▶ _YOUR OBJECTIVE_
What you give back from the listing below should be an exact copy of the lines from the one with "休み時間になると水槽の周りに" down to the one with "Ben Simmons est", and it should contain no pictures.

▶ _MATERIALS PROVIDED_
%%
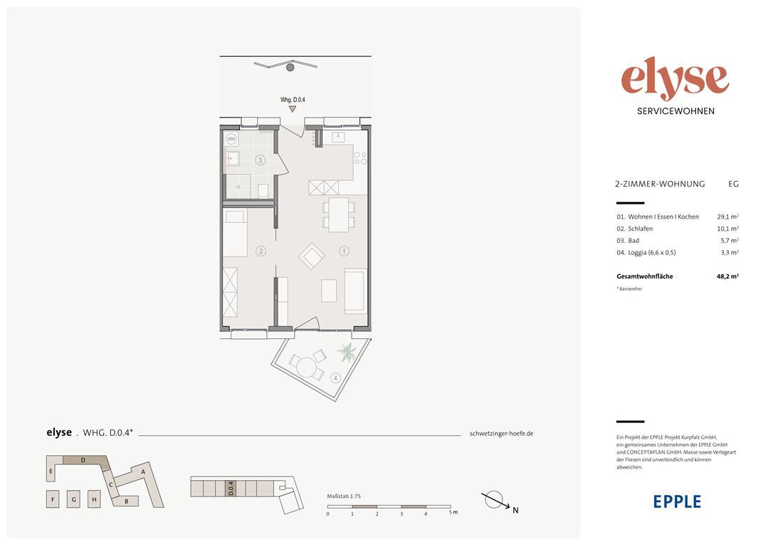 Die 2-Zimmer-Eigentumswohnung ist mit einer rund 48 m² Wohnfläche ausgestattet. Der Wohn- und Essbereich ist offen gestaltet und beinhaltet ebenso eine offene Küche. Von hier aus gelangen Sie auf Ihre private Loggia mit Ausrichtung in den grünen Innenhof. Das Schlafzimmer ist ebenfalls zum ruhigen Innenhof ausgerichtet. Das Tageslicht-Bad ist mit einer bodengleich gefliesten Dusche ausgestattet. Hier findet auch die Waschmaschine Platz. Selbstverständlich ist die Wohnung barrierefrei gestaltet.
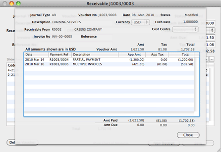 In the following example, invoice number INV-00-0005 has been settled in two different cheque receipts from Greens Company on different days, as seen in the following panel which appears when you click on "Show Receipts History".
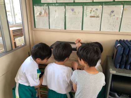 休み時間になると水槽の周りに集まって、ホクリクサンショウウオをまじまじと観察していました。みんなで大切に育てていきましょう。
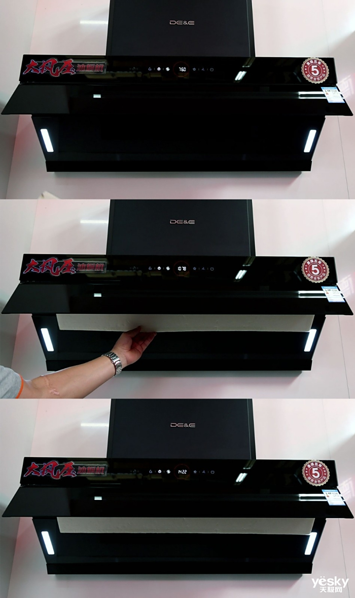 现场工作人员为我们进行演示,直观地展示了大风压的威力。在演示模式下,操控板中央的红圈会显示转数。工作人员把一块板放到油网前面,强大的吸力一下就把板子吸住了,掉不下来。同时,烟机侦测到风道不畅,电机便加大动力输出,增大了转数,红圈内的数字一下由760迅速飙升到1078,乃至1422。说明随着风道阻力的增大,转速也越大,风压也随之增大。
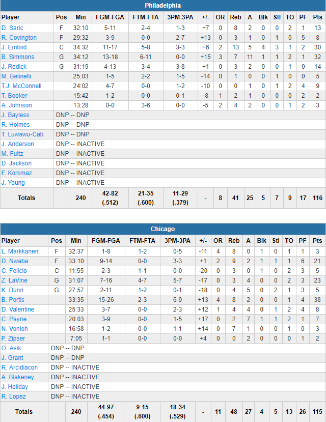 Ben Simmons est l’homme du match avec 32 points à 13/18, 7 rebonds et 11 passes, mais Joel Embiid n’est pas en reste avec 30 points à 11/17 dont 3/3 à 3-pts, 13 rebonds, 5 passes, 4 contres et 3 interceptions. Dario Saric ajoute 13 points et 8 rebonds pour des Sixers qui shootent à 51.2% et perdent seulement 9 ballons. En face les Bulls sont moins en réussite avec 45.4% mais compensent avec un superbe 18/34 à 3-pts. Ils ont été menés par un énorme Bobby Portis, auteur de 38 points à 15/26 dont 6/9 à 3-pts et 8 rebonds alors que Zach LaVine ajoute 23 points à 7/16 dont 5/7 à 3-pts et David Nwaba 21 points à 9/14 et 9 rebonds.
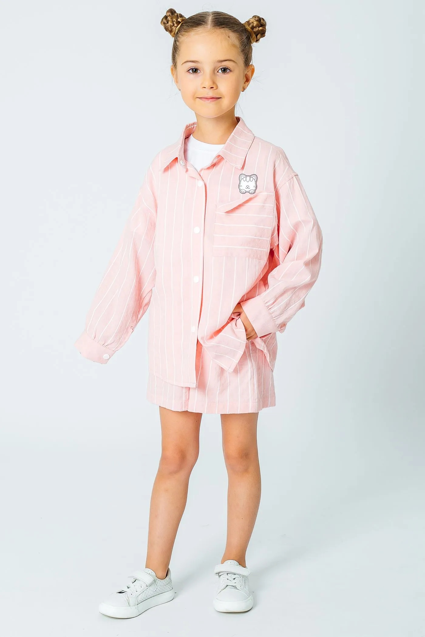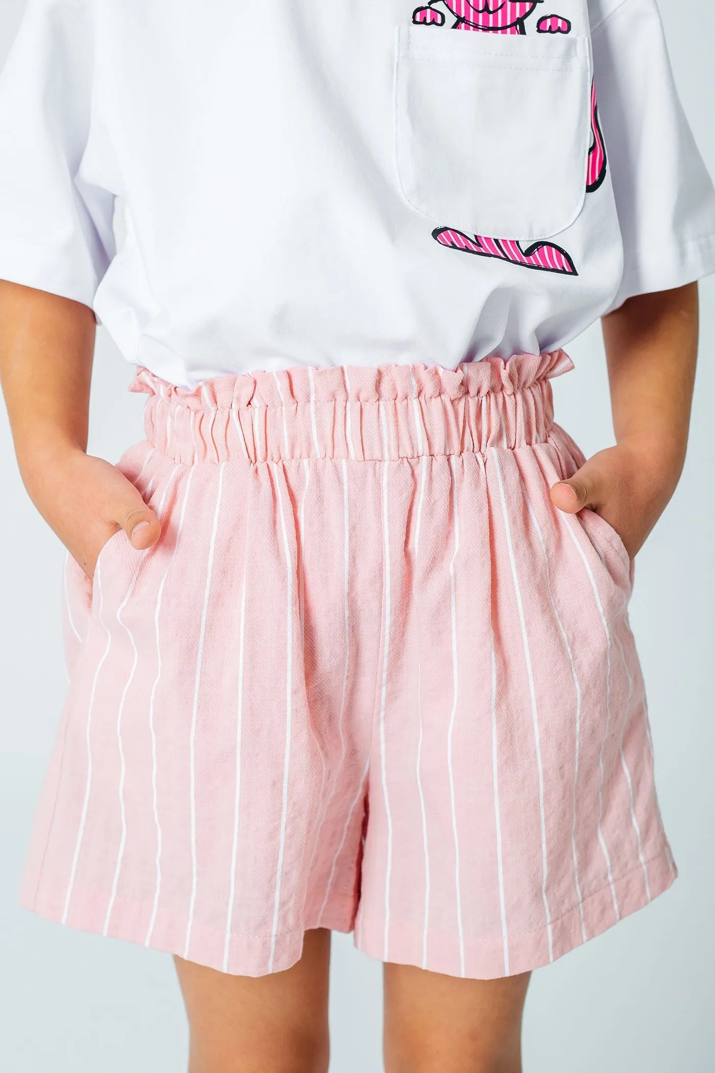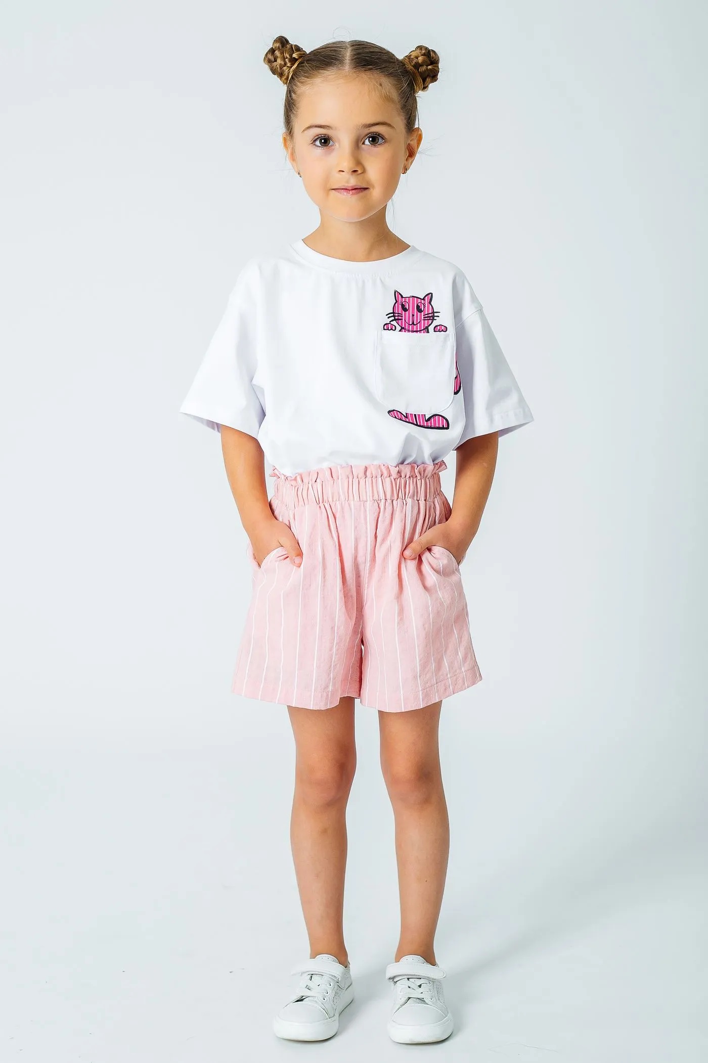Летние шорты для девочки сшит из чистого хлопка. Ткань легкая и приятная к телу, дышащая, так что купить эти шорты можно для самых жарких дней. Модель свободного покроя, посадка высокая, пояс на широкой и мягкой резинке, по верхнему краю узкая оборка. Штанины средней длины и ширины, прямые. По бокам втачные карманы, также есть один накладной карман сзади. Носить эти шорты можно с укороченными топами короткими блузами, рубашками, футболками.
%%
%%
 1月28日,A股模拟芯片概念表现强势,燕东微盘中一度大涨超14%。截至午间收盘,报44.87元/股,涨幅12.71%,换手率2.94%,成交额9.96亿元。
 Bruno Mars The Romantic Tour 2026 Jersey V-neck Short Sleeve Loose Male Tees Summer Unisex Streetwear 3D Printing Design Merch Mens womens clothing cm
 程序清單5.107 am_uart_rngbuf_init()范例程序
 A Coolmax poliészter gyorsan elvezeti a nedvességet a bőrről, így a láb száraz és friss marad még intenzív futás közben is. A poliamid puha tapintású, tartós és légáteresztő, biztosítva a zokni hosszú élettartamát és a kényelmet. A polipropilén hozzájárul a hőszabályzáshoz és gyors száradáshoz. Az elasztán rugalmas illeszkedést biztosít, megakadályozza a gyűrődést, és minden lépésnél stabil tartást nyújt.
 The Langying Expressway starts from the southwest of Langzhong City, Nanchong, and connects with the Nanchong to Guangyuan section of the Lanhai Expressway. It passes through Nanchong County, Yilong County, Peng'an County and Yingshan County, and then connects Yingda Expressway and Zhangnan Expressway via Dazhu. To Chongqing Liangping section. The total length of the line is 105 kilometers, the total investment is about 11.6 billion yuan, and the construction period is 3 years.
%%
%%
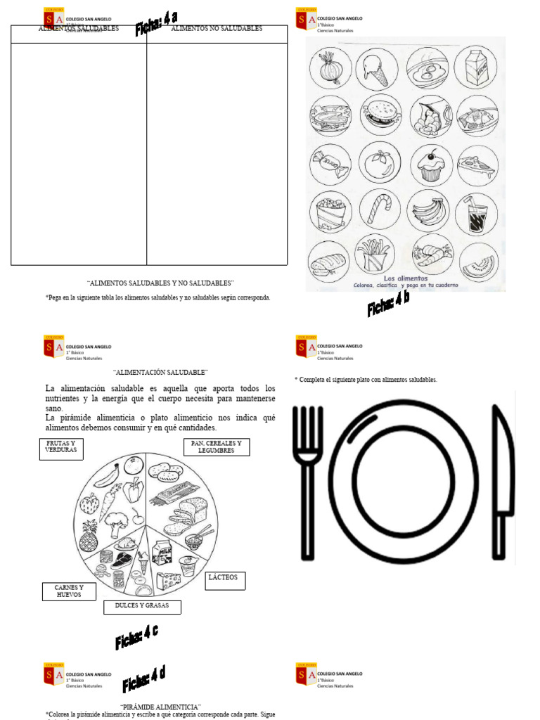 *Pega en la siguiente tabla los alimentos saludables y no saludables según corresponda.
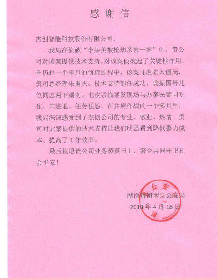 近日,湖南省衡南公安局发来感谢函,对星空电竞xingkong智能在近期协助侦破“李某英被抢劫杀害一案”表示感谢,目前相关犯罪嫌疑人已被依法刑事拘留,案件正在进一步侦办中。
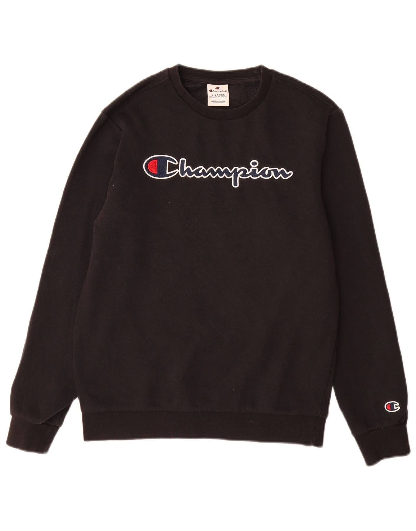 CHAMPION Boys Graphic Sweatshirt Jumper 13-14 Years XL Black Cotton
%%
▶ _RESPONSE TO THE EXERCISE_
 休み時間になると水槽の周りに集まって、ホクリクサンショウウオをまじまじと観察していました。みんなで大切に育てていきましょう。
 现场工作人员为我们进行演示,直观地展示了大风压的威力。在演示模式下,操控板中央的红圈会显示转数。工作人员把一块板放到油网前面,强大的吸力一下就把板子吸住了,掉不下来。同时,烟机侦测到风道不畅,电机便加大动力输出,增大了转数,红圈内的数字一下由760迅速飙升到1078,乃至1422。说明随着风道阻力的增大,转速也越大,风压也随之增大。
 Ben Simmons est l’homme du match avec 32 points à 13/18, 7 rebonds et 11 passes, mais Joel Embiid n’est pas en reste avec 30 points à 11/17 dont 3/3 à 3-pts, 13 rebonds, 5 passes, 4 contres et 3 interceptions. Dario Saric ajoute 13 points et 8 rebonds pour des Sixers qui shootent à 51.2% et perdent seulement 9 ballons. En face les Bulls sont moins en réussite avec 45.4% mais compensent avec un superbe 18/34 à 3-pts. Ils ont été menés par un énorme Bobby Portis, auteur de 38 points à 15/26 dont 6/9 à 3-pts et 8 rebonds alors que Zach LaVine ajoute 23 points à 7/16 dont 5/7 à 3-pts et David Nwaba 21 points à 9/14 et 9 rebonds.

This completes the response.